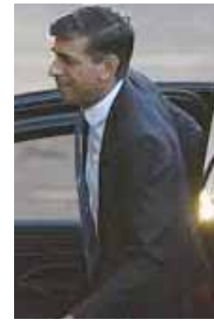
LONDON

British Prime Minister Rishi Sunak on Monday apologised to the families who lost loved ones in the COVID-19 pandemic as he opened his evidence to an ongoing public inquiry in a tough week, which will also see him tackle a feared revolt over a parliamentary vote on his Rwanda policy to deport illegal migrants.
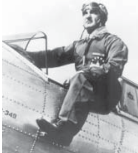
Maj. Gen. Oscar Westover, Chief of the U.S. Army Air Corps, 1935

improved the situation, but was still insufficient—it was not always clear just who was in charge of what. As a result, in
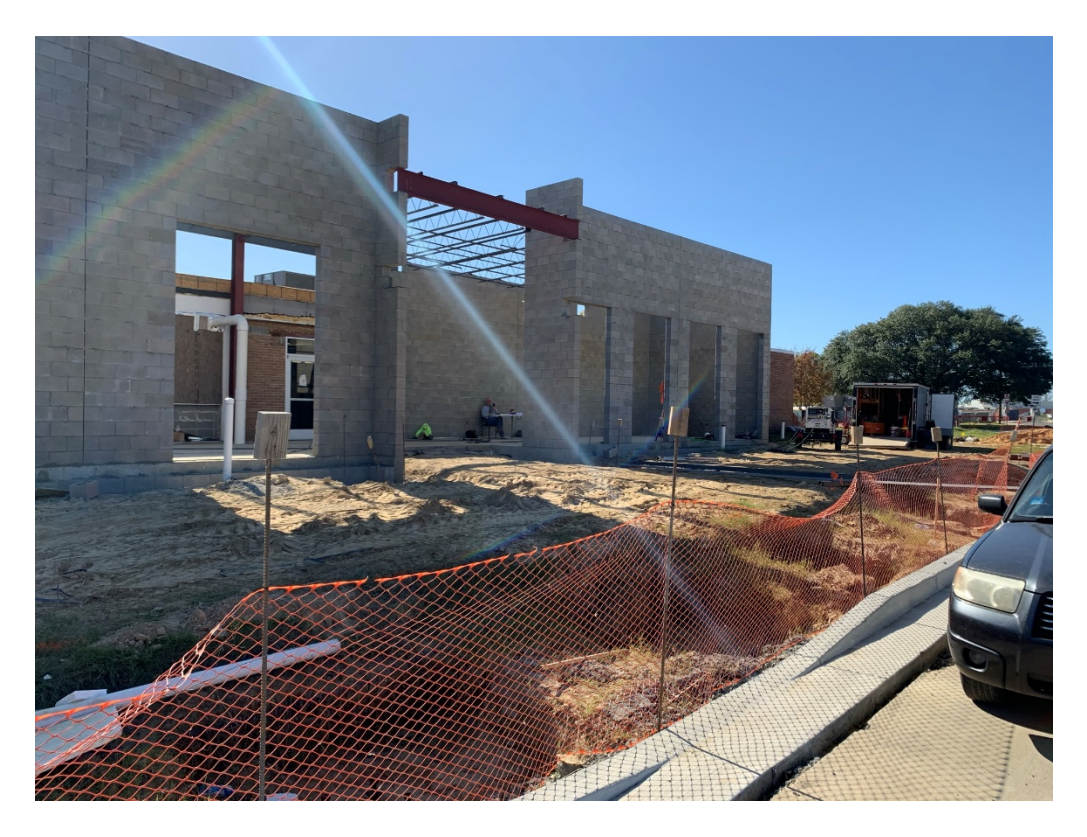
Figure 2 – Steel Work Partially Installed

------------------------------------------------------------

WHAT IS NEEDED: Give an exact copy of the listing, without its pictures.

TASK ANSWER:
LONDON

British Prime Minister Rishi Sunak on Monday apologised to the families who lost loved ones in the COVID-19 pandemic as he opened his evidence to an ongoing public inquiry in a tough week, which will also see him tackle a feared revolt over a parliamentary vote on his Rwanda policy to deport illegal migrants.
Maj. Gen. Oscar Westover, Chief of the U.S. Army Air Corps, 1935

improved the situation, but was still insufficient—it was not always clear just who was in charge of what. As a result, in
Figure 2 – Steel Work Partially Installed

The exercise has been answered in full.